• Nenhum resultado encontrado

CAPÍTULO 4 A EXPRESSÃO POLÍTICA E POÉTICA DOS GRAFITES

4.1 Grafites políticos na América Latina

A balbúrdia de letras e palavras, na maioria das vezes, ilegíveis para nós, que invade não somente as cidades brasileiras, mas as metrópoles do mundo, é a fala dos que ficaram fora da partilha, dos que foram jogados para as bordas pela grande onda da globalização do final do século XX.

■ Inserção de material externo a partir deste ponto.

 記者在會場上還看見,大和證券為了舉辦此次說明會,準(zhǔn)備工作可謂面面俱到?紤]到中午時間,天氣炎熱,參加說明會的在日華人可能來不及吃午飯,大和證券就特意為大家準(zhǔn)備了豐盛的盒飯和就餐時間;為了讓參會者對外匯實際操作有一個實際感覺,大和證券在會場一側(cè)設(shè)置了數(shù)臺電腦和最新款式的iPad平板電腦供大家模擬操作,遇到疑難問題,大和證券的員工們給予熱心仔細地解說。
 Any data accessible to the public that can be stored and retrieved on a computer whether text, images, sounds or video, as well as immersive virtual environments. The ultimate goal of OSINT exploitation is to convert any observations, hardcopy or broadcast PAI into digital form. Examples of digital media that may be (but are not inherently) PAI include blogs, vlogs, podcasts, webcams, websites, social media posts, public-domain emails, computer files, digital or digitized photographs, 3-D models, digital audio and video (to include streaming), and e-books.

Maria Angélica Melendi Para o pesquisador Emílio Petersen (INTERNET), a aparição dos grafites textuais em terras americanas, como prática contestatória e de expressão anônima nasce no continente junto ao início da colonização européia. E sintomaticamente já nascem proibidos. Ele relata

a primeira batalha grafiteira em idioma espanhol ocorrida nas paredes do palácio que habitava Hernán Cortés em Coyoacán” [...] eram grafites reivindicatórios feitos por oficiais espanhóis inconformados com a partilha do espólio de guerra. (PETERSEN, in www.elportaldemexico.com/artesplasticas)

O desenvolvimento que se deu com a urbanização, no início do século XX, estabeleceu nas grandes cidades uma nova configuração de seus espaços públicos. As cidades cresciam em todo o continente americano e, em decorrência, o modernismo cosmopolita alastrava-se sob a influência dos imigrantes que vinham de vários continentes e com eles as idéias políticas, anarquistas, comunistas e socialistas.

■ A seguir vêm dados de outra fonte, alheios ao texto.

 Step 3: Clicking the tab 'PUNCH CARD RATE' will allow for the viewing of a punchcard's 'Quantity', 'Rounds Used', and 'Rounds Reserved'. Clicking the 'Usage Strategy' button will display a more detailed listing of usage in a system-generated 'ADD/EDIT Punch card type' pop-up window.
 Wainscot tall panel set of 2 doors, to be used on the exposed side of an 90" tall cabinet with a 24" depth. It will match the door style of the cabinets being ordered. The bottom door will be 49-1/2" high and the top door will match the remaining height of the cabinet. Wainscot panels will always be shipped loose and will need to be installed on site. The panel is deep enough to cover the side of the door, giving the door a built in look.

Além da imigração e do crescente processo de emancipação da vida metropolitana, outros fatores também contribuíram para a intensificação dos grafites em suas variadas formas, nas grandes cidades da América Latina. A pintura de murais em espaços públicos tornara-se uma tradição nas zonas suburbanas e bairros industriais. Uma prática herdada da tradição muralesca

mexicana, um forte apelo político e social que irá impulsionar o aparecimento de diversas formas de se projetar arte nos espaços públicos.

O muralismo desenvolve-se na intenção de ligar a arte às questões políticas, no México, na época de sua Revolução, em 1910 unindo a monumentalidade arquitetônica Asteca, o grafismo indígena, e uma pintura projetada para além de seus limites, fora das telas, nas paredes. Foram os recursos explorados por Diego Rivera, José Clemente Orozco e Davi Alfaro Siqueiros, muralistas que se tornaram expoentes desse movimento. Cumpre lembrar que a pratica da pintura mural já era recorrente nas paredes das construções arquitetônicas pré-colombianas.

Os muralistas acreditavam que só mesmo o mural poderia redimir artisticamente um povo que esquecera a grandeza de sua civilização pré- colombiana durante tantos séculos de opressão estrangeira e de espoliação por parte das oligarquias nacionais, culturalmente voltadas para a metrópole espanhola. Portando, produzir obras em locais públicos, para que todos as pudessem ver, era uma forma de impedir que estas acabassem em propriedade de algum abastado colecionador. (CASTELANI, in www.klepsidra.net)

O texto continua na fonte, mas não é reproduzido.